Inaugurato a Bari i-am LAB, laboratorio di Alta Formazione per la Meeting Industry

Il primo incontro sul tema: Come attrarre l’incoming dalla Cina

 

i am LAB_1 Carlotta Trevisan_2

Cos’è i-am LAB

Si tratta di un laboratorio nazionale di Alta Formazione per l’industria dei congressi ed eventi che si trova a Bari, ideato e realizzato da Meet In Action - MIA, la rete d’imprese italiana nel settore MICE, e in grado di proporre un’offerta formativa specialistica sugli argomenti topici della professione. I principi ai quali ispira la propria attività sono: pratica, interattività ed esperienza. Nei prossimi anni la sfida italiana del business travel sarà quella di dare un forte impulso ai flussi turistici internazionali e vincere la competizione con i paesi leader del MICE mondiale: è questo lo scenario in cui si muove i-am LAB, che offre una formazione orientata soprattutto al metodo learning-by-doing.

“Come attrarre l’incoming dalla Cina”

Lo scorso 27 ottobre si è svolto presso le sue sale l’incontro sul tema Come attrarre l’incoming dalla Cina, il primo di i-am LAB, che vanta inoltre il patrocinio di Confindustria Puglia, Federcongressi, Pugliapromozione e MPI Italia Chapter. Si è trattato del primo di una serie di incontri che si terranno in giro per l’Italia. 

All’incontro è intervenuta, Carlotta Trevisan, docente di cultura cinese ed esperta di turismo cinese che ha sottolineato: “La Cina è il più grande mercato del turismo sia in termini di spesa che di numero di viaggi verso l’estero. I cinesi hanno cominciato a viaggiare solo dal 1999, quando il Governo della Repubblica Popolare Cinese ha concesso ai paesi che ne facevano richiesta i certificati Ads, Destinazione turistica approvata. L’italia ha richiesto l’Ads solo nel 2004. Eppure è il paese non asiatico più gettonato dai turisti cinesi dopo gli Stati Uniti, occupando il decimo posto nella classifica delle destinazioni più visitate, laddove nei primi otto posti troviamo paesi asiatici. La Cina è il paese che ha speso di più in turismo al mondo, con un aumento del 5% su base annua; nel 2012 sono stati 83 milioni i turisti cinesi nel mondo, diventati ben 143 milioni nel 2017. Se si pensa che ad oggi solo il 7% della popolazione cinese ha un visto turistico sul passaporto, per la maggior parte delle regioni costiere della Cina, capiamo che oltre il 90% della popolazione della Cina non ha ancora viaggiato: un potenziale immenso al quale l’Italia guarda finalmente con interesse nell’anno del turismo UE-Cina 2018; un’opportunità unica per promuovere il turismo sostenibile, con l’obiettivo di far crescere del 10% l’anno il numero di turisti cinesi e concludere accordi di partenariato fra imprese UE e cinesi”.

Curiosità sui turisti cinesi

Se un tempo lo shopping era il vero interesse per i cinesi più abbienti e per la fascia medio bassa il costo del viaggio faceva la differenza, oggi troviamo come motivazioni principali il leisure, seguito dal food e dai parchi a tema, mentre il costo è meno importante; determinante per i cinesi è poter pagare on line.
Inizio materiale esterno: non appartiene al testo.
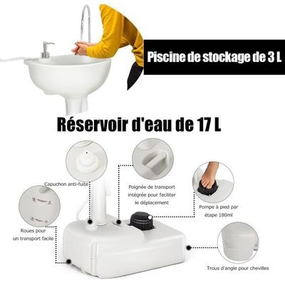 Le porte-serviettes facilite l'accès aux serviettes et leur séchage, et la crépine intégrée dans l'évier permet de séparer les résidus alimentaires et d'éviter l'obstruction des tuyaux. Evier De Camping Avec Pompe GYMAX Évier Portable, Station De Lavage Des Mains Pour évier Pompe à Pied Lavabo spacieux qui empêche les éclaboussures et offre beaucoup d'espace pour se laver les mains. EN STOCK : Évier portable camping pas cher. Grand choix, promos permanentes et livraison rapide partout en France. Paiement sécurisé # 𝐂𝐨𝐧𝐜𝐞𝐩𝐭𝐢𝐨𝐧 𝐝𝐞 𝐒𝐢𝐦𝐮𝐥𝐚𝐭𝐢𝐨𝐧 # Le grand bassin est conçu pour minimiser les éclaboussures et offrir beaucoup d'espace pour laver une grande variété d'objets et plus encore. # 𝐌𝐚𝐭é𝐫𝐢𝐚𝐮𝐱 𝐃𝐮𝐫𝐚𝐛𝐥𝐞𝐬 & 𝐂𝐨𝐧𝐬𝐭𝐫𝐮𝐜𝐭𝐢𝐨𝐧 𝐑𝐨𝐛𝐮𝐬𝐭𝐞 # Cet évier portable est fabriqué en HDPE résistant aux intempéries, qui peut être utilisé à l'extérieur pendant longtemps pour vous offrir une meilleure expérience. Grand réservoir d'eau de 17L pour une utilisation prolongée sans remplissage fréquent. Lavabo spacieux qui empêche les éclaboussures et offre beaucoup d'espace pour se laver les mains. Notre station de lavage des mains portable est pratique et... La pompe à pied fournit efficacement 180 ml d'eau par pression, et le long tuyau d'évacuation pour une circulation facile de l'eau le rend idéal pour les tâches de nettoyage répétitives. Robinets pivotants pour un accès facile à l'eau sous différents angles. À l'aide de piquets, l'évier peut être fixé dans les trous prévus à cet effet afin de garantir sa stabilité pendant l'utilisation. Évier de Camping à Roulette COSTWAY-Réservoir d'Eau 17L-Distributeur de Savon Liquide 3L-Pompe à # 𝐑é𝐬𝐞𝐫𝐯𝐨𝐢𝐫 𝐝'𝐄𝐚𝐮 𝐝𝐞 𝐆𝐫𝐚𝐧𝐝𝐞 𝐂𝐚𝐩𝐚𝐜𝐢𝐭é # Équipé d'un réservoir d'eau de 17 L, ce lavabo sur piedportable peut être utilisé plusieurs fois sans avoir à être rempli fréquemment. # 𝐃é𝐭𝐚𝐢𝐥𝐥𝐞𝐬 𝐁𝐢𝐞𝐧 𝐏𝐞𝐧𝐬é𝐞𝐬 # L'arrivée d'eau est équipée d'un bouchon qui facilite le remplissage et empêche les fuites.
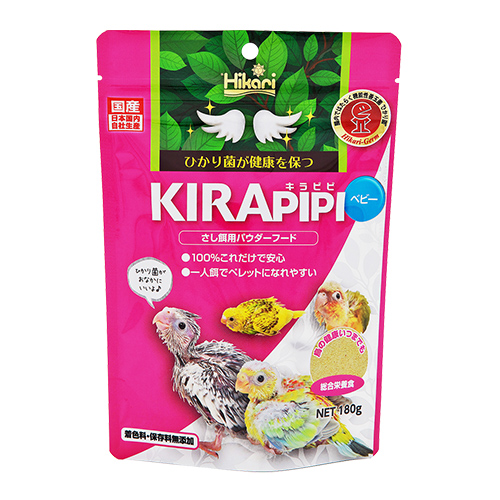 ひな鳥は本来、親鳥が多種多様な餌を食べ半分消化したものを与えられて育ちます。キラピピベビーは、本来の食性を考慮して様々な栄養素や善玉菌を配合した総合栄養食です。
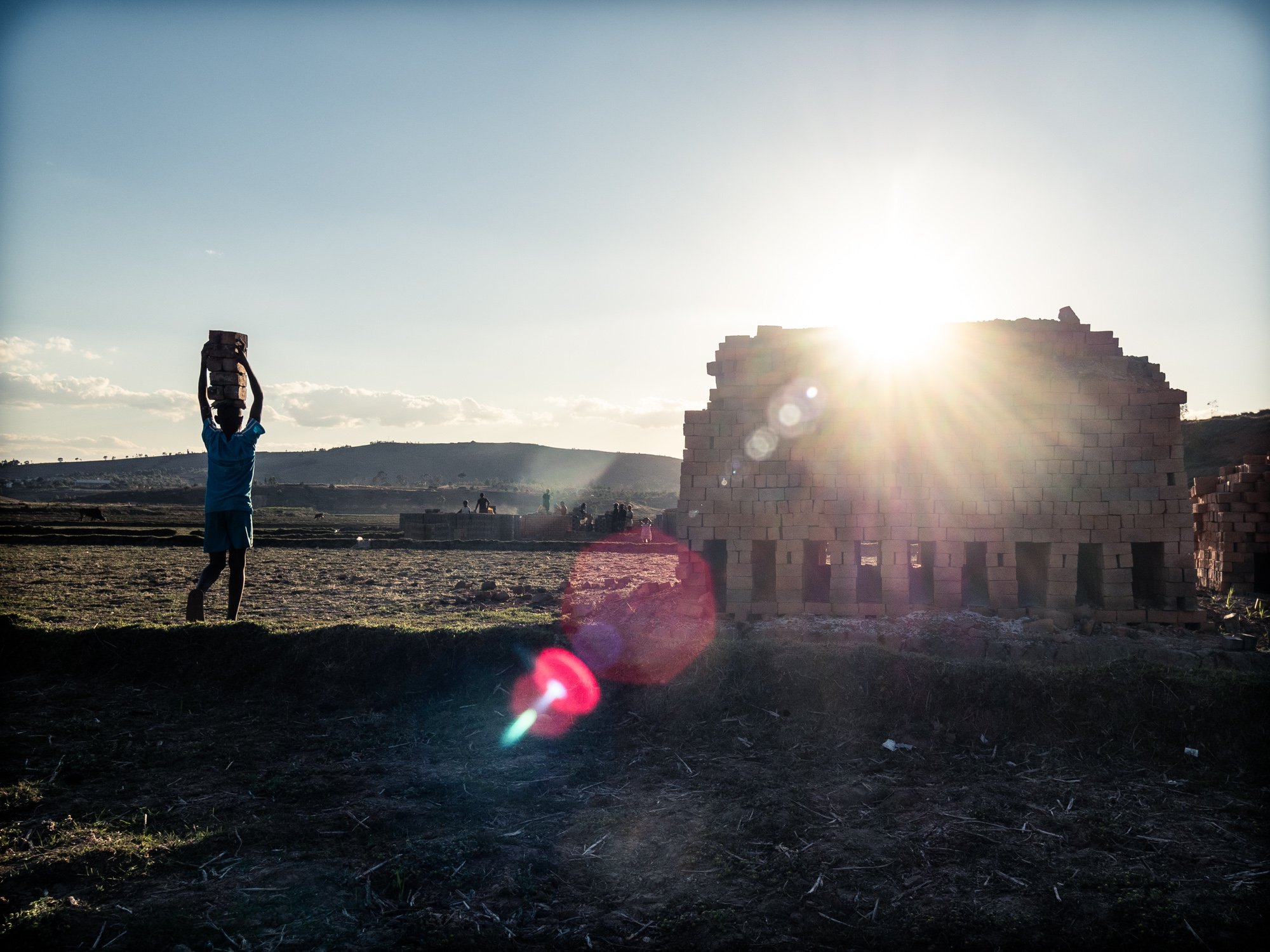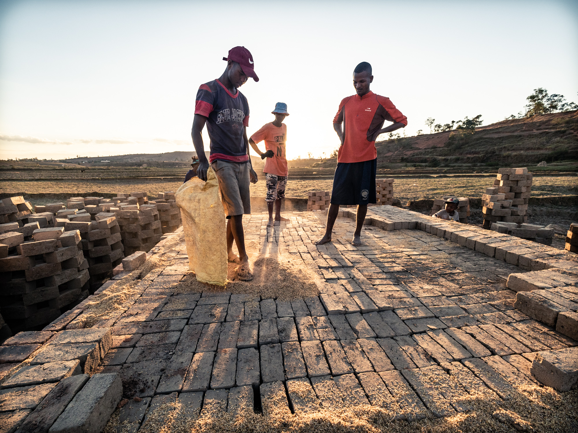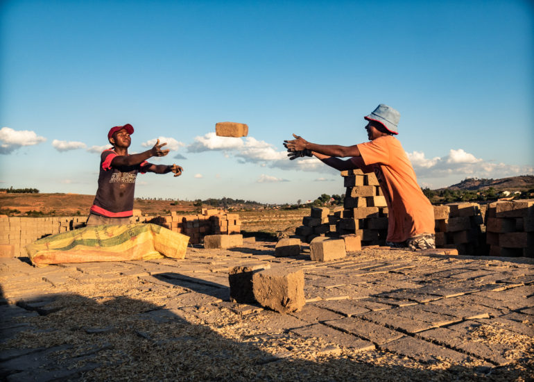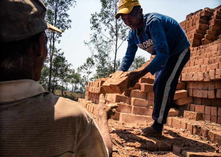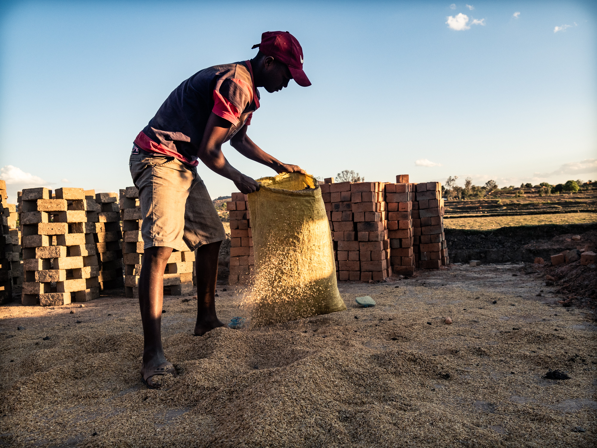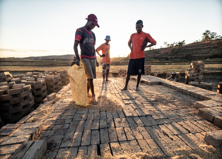 Il riso, in Madagascar, è una risorsa fondamentale. La coltivazione del riso è una attività che riveste un importanza ancestrale al di là del prodotto riso. C’è nei confronti delle risaie una riverenza ancestrale che ha molto, moltissimo a che fare con l’animismo, basti pensare che in certi orari della giornata si osserva il silenzio, si dice, pe non disturbare le messi. Finito il ciclo di crescita, dopo il raccolto, non si esaurisce l’importanza della risaia. All’inizio della stagione secca prima che il fango solidifichi le stesse famiglie (nella quasi totalità dei casi braccianti conduttori della coltivazione del riso per conto dei proprietari) utilizzano lo stesso fango per confezionare mattoni di argilla. I mattoni vengono fatti essiccare al sole e “cotti” in fornaci costruite con gli stessi mattoni.

Sono turisti che spendono: lo scontrino medio di un turista cinese su acquisti da esercizi commerciali, escluso strutture ricettive e trasporti, secondo le statistiche di Global Blue, è addirittura di 1.738 euro.
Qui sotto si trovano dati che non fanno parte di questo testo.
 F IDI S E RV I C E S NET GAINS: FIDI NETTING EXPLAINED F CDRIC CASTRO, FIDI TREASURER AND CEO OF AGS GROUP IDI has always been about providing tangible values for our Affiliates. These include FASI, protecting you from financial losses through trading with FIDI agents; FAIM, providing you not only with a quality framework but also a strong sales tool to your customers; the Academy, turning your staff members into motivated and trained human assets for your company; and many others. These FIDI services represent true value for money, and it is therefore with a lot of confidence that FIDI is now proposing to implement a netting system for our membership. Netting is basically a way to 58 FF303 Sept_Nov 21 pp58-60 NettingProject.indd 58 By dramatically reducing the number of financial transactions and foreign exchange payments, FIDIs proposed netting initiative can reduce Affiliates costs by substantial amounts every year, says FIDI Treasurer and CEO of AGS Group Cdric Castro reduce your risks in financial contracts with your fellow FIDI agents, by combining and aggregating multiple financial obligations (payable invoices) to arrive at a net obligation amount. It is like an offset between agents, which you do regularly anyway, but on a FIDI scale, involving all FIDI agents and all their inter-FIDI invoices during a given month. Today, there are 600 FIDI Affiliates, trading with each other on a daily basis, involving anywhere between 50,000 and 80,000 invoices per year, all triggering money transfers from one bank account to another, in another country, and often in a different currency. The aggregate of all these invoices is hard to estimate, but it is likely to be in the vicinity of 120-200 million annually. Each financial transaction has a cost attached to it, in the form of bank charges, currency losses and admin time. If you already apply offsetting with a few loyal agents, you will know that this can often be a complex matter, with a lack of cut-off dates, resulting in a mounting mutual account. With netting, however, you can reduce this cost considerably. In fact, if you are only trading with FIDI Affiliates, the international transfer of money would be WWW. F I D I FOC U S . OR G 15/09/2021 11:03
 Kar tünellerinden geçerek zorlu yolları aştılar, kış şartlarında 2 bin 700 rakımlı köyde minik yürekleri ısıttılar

Sebbene viaggino da poco, si possono già individuare tre generazioni di viaggiatori cinesi che al momento ancora coesistono: la prima è costituita dai turisti “mordi e fuggi” che viaggiano in grandi gruppi e vogliono vedere tanti posti in poco tempo; sono generalmente di livello medio basso e non parlano l’inglese. La seconda è una generazione social, intorno ai quarant’anni, che conosce l’inglese, anche apprezza depliant e menù anche in cinese. La terza generazione di turisti cinesi, la più giovane, vuole poter creare il suo viaggio da sé, non ama i pacchetti: desidera vivere un’esperienza in luoghi poco conosciuti, più autentici; viaggia in famiglia e in genere offre il viaggio ai genitori.
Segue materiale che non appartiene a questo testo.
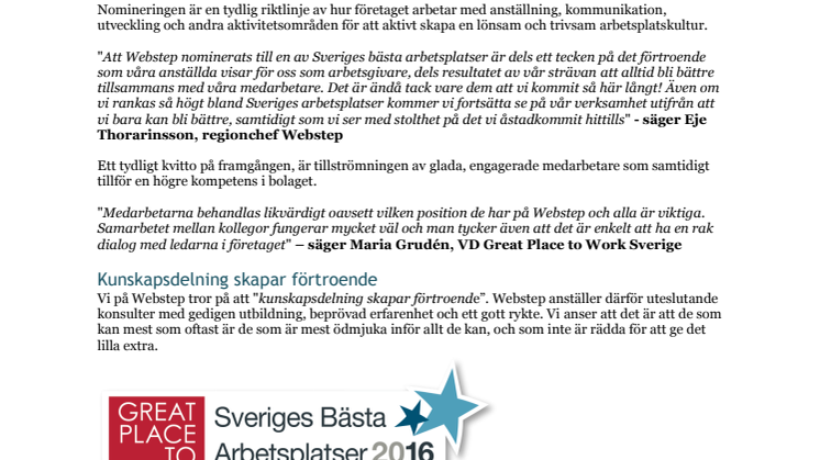 "Att Webstep nominerats till en av Sveriges bästa arbetsplatser är dels ett tecken på det förtroende som våra anställda visar för oss som arbetsgivare, dels resultatet av vår strävan att alltid bli bättre tillsammans med våra medarbetare. Det är ändå tack vare dem att vi kommit så här långt! Även om vi rankas så högt bland Sveriges arbetsplatser kommer vi fortsätta se på vår verksamhet utifrån att vi bara kan bli bättre, samtidigt som vi ser med stolthet på det vi åstadkommit hittills" - säger Eje Thorarinsson, Regionchef Webstep
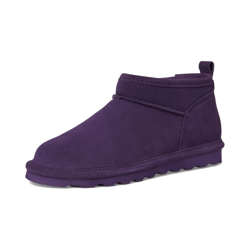 - The BEARPAW Super Shorty Shearling Style Boots feature suede upper construction treated with BearCoat rain and stain-repellent finish. Offering all-day comfort, this round toe pair features removable comfort sheepskin footbed and lightweight blown rubber outsole.
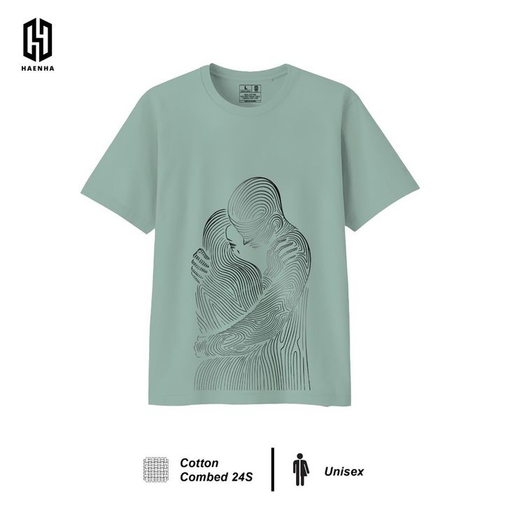 Haenha Motif Hug Baju Kaos Distro - T Shirt Sablon Unisex Black White Sage Cream
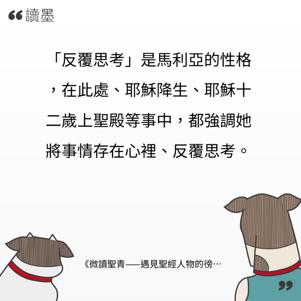 (1)馬利亞到底「反覆思考」了「主和你同在」多久?又得出甚麼結論?其實我覺得基督徒的一生,要是能抓住一個信仰焦點,反覆思辨、體會與實踐,就已經十分可貴。

Per questi turisti cinesi è molto importante non solo trovare e costruire la propria esperienza di viaggio on line e poi raccontarla sui social, ma poter pagare on line con Alipay” ha affermato Trevisan: operatori turistici e organizzatori di congressi ed eventi sono avvertiti. Occorre inoltre essere visibili all’utente diretto cinese con un buon marketing on line in cinese e ben indicizzato”.